Every airline crew is backed up by dispatchers and flight operations support. These entities help ensure that the fuel aboard is sufficient to not only reach the destination and any required alternate, with 45 minutes more, but are also sufficient to cover any risks due to weather, air traffic delays or other contingencies. The fuel requirements and associated risk is one obvious area where the airlines’ bottom lines could conceivably conflict with desired safety results, yet except in very rare instances this conflict rarely creates a bad outcome.

Part 121 Risk Mitigation

The above example on fuel reserves is atypical of how Part 121 operations work. Let’s look a few more examples of how airlines manage risk and then we can see how this might play out with a general aviation operation.

Aircraft performance margins: Part 121 is very specific regarding how much extra margin must be applied to calculated aircraft performance. For example, FAR 121.185 requires the calculated landing distance must allow a stop within 60 percent of the effective runway length. No such limitation exists in Part 91.

Effective training: Two Part 121 subparts address flight crew training programs and qualifications, including initial and recurrent training, plus initial operating experience requirements. Crew resource management (CRM) requirements have resulted in major safety improvements by exchanging the old paradigm that the “captain is always right” with more collaborative actions by the crew and others.

Progressive experience: Airlines have learned the hard way that experience matters and Part 121 requires captains transitioning to new equipment to increase their landing minimums during their first 100 hours in that type. Other rules require routes and airport qualifications, and specify crew-pairing requirements and minimum training times.

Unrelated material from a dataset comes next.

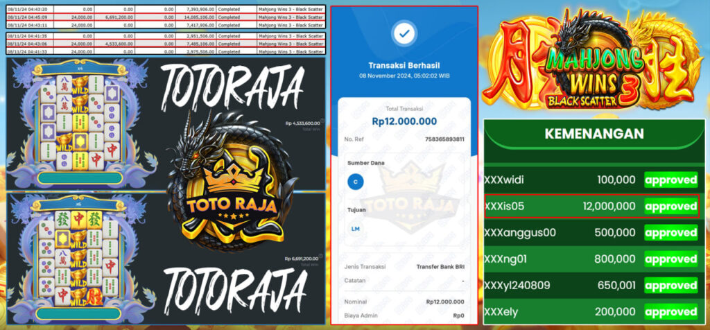 SELAMAT KEPADA MEMBER TOTORAJA, USER ID : XXXis05, MENANG DI GAME PRAGMATIC SLOT > MAHJONG WINS 3 BLACK SCATTER
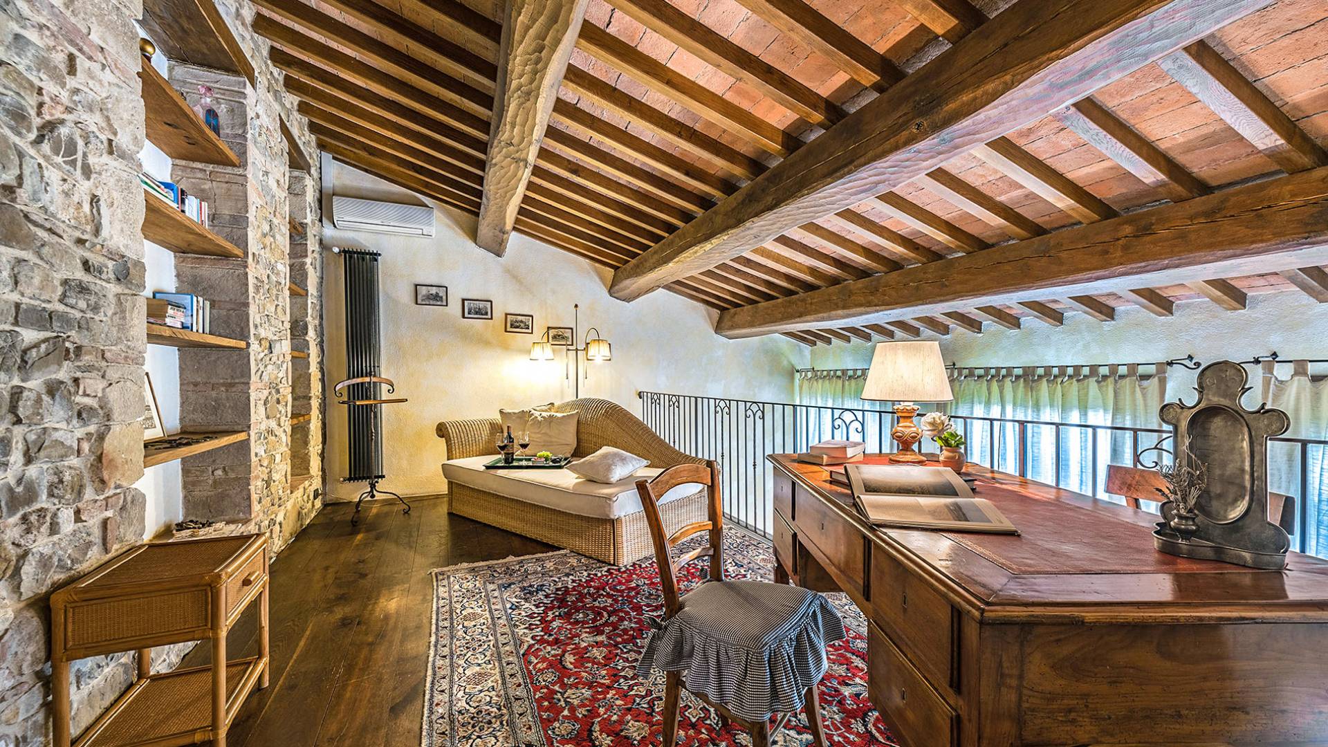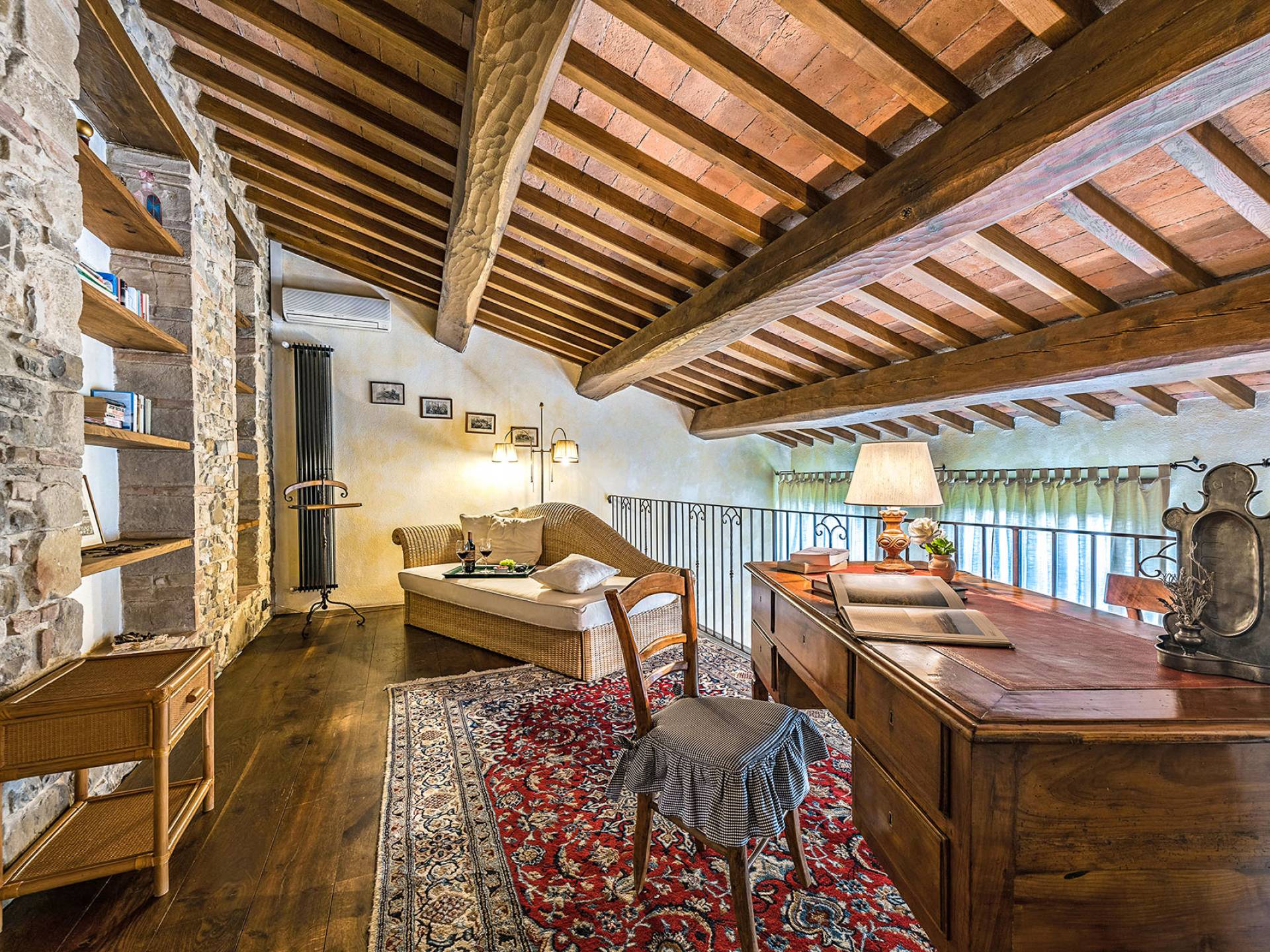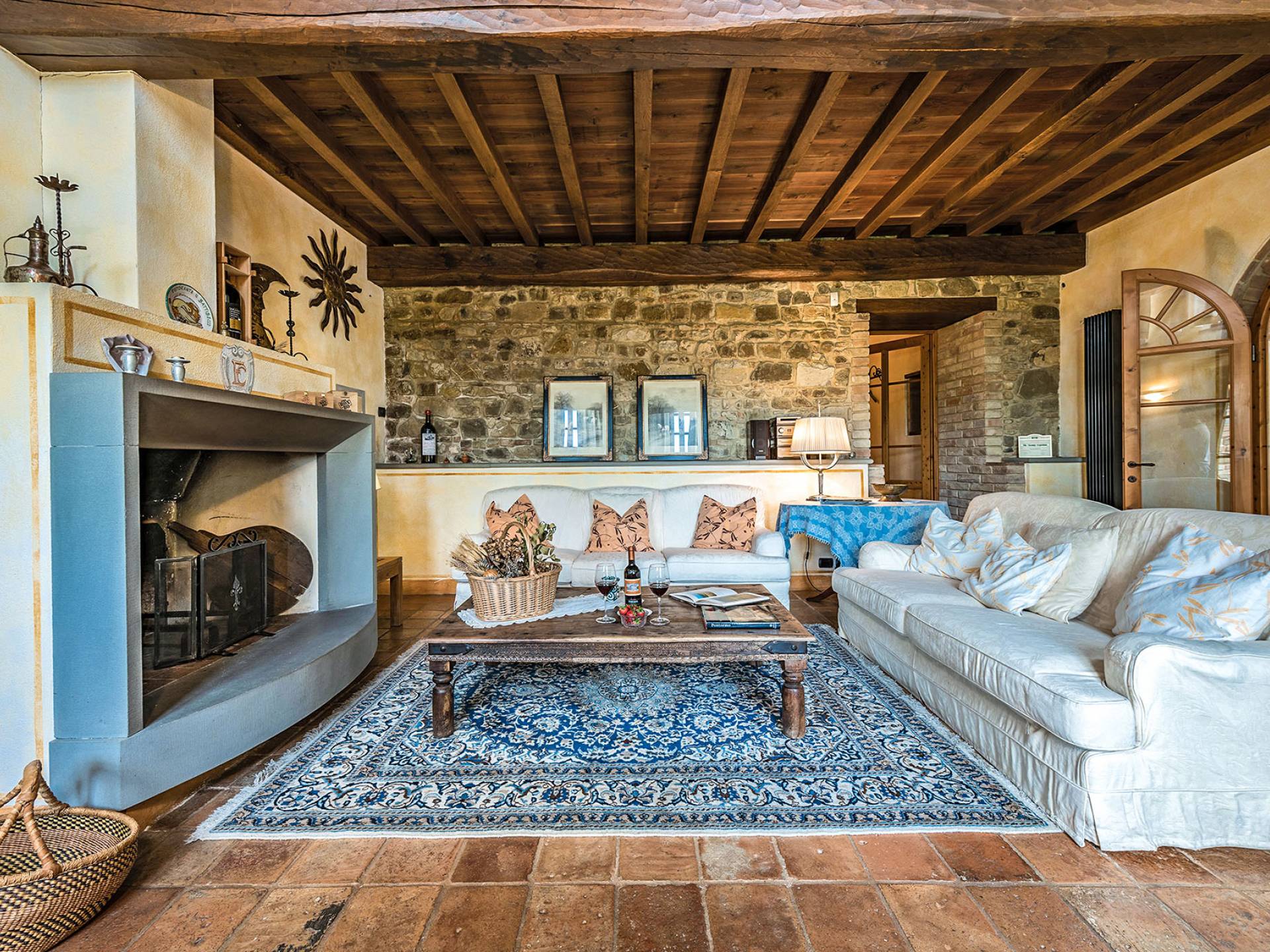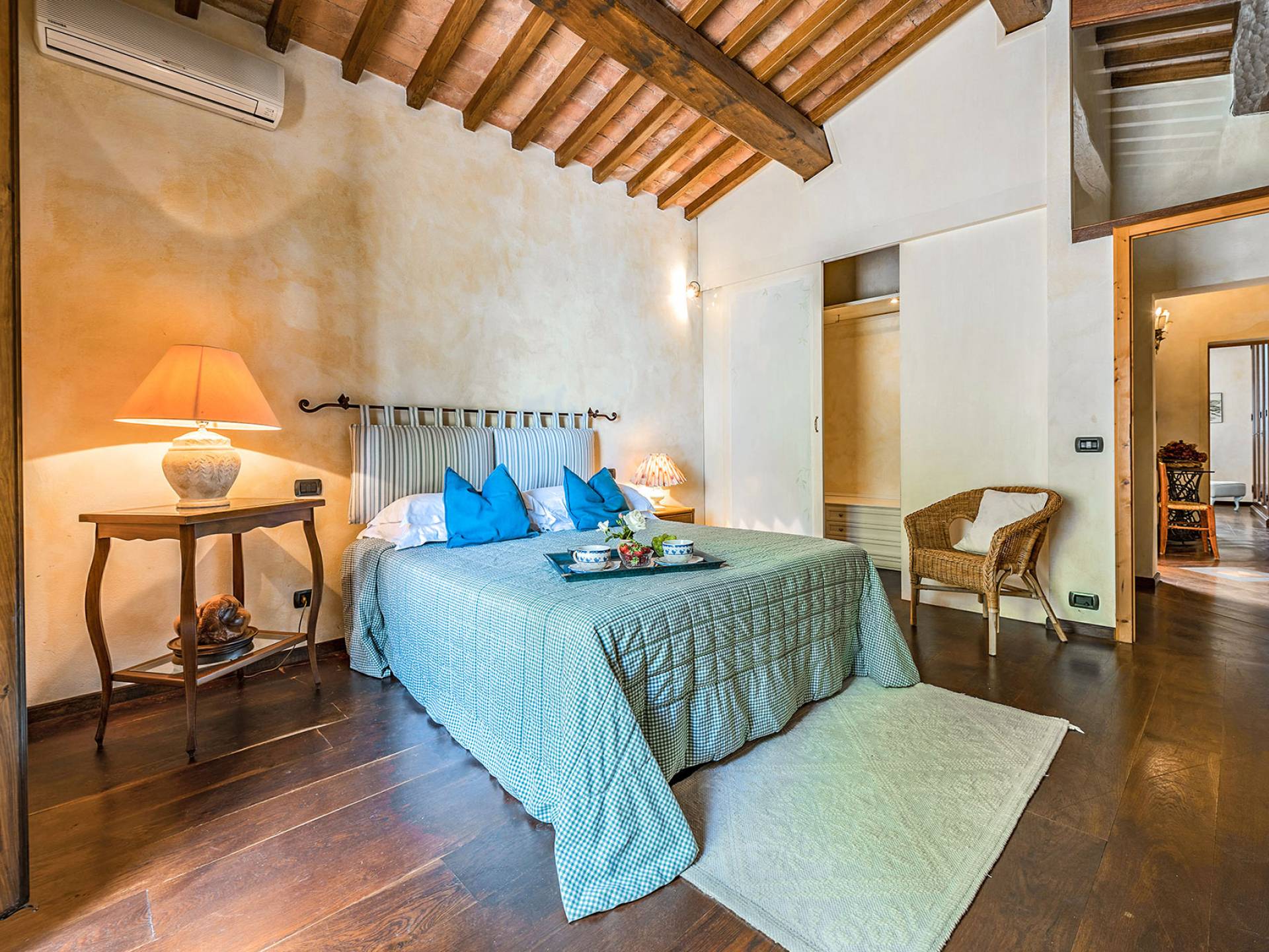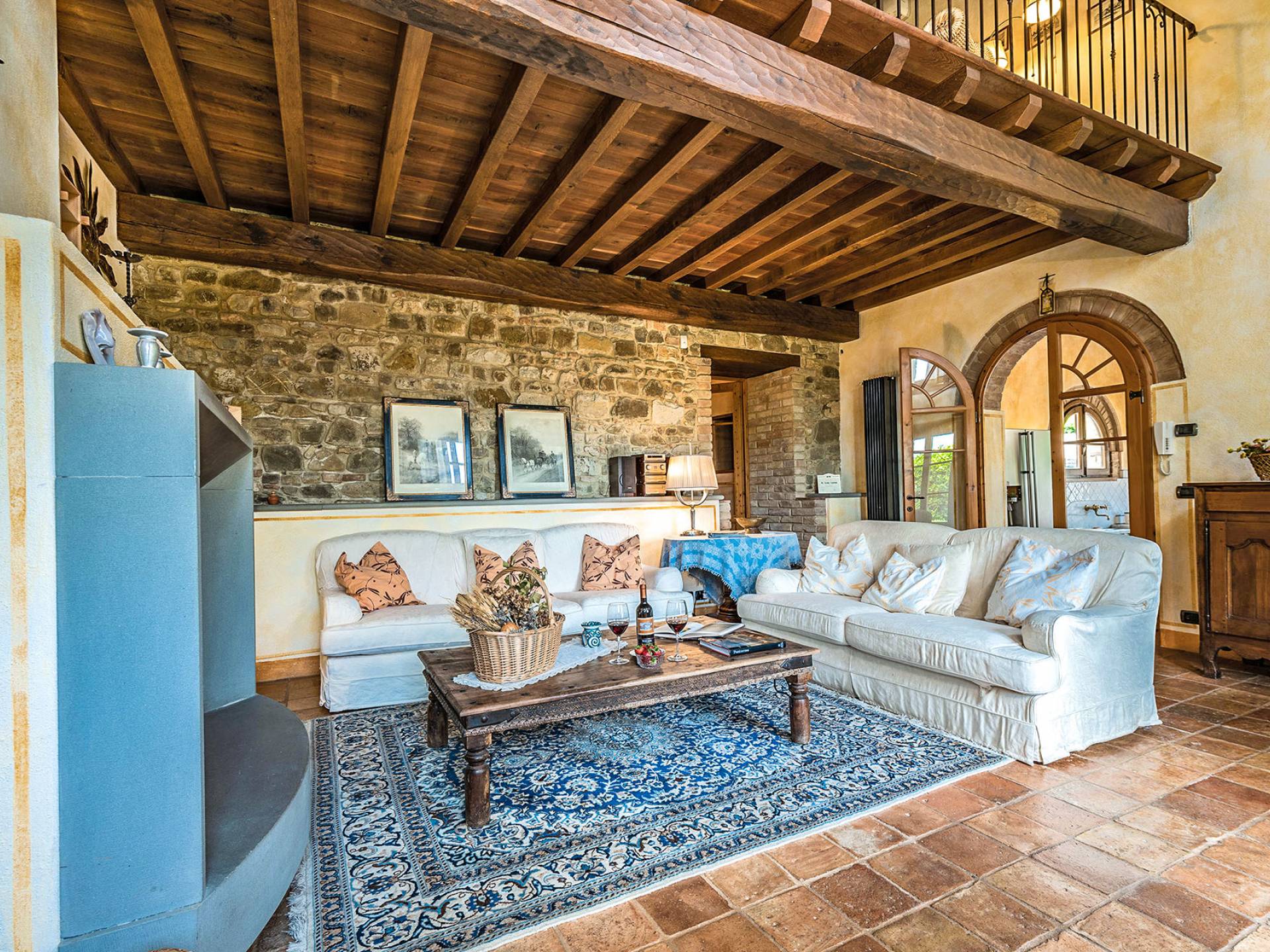 Alle Innenbereiche wurden mit modernen und klassischen, traditionellen toskanischen Stücken eingerichtet, die sich gut in die antiken „Cotto“ -Böden und die Deckenbalken einfügen. Die große Küche verfügt über einen Geschirrspüler, einen Herd und einen amerikanischen Doppelkühlschrank mit einem schönen Kamin.

Managing human factors: Part 121 also prescribes rest and duty time limits for crew and requires airlines to implement a fatigue-risk management system.

Your Own Airline?

It might seem impossible that a lowly Part 91 operator can achieve a goal of zero fatal accidents. But if we take some simple steps—avoid bad weather, carry enough fuel, ensure our aircraft are properly maintained and engage in regular, realistic training—we can usually have a long, healthy and safe “career” flying personal aircraft. In fact, it seems each month the FAA is recognizing a GA pilot for 50 years of safe flying, the Wright Brothers Award.

Achieving such a goal doesn’t require a byzantine set of rules laid down by a faceless bureaucracy, but it does require some common sense. To get to that level of safety, understand and recognize the warning signs of increased risk, then take whatever steps are necessary to mitigate the risks. Sometimes even the airlines cancel a flight, for fatigue, mechanicals and/or weather. So can you.

Robert Wright is a former FAA executive and President of Wright Aviation Solutions LLC. He is also a 9600-hour ATP with four jet type ratings and an a flight instructor. His opinions in this article do not necessarily represent those of clients or other organizations that he represents.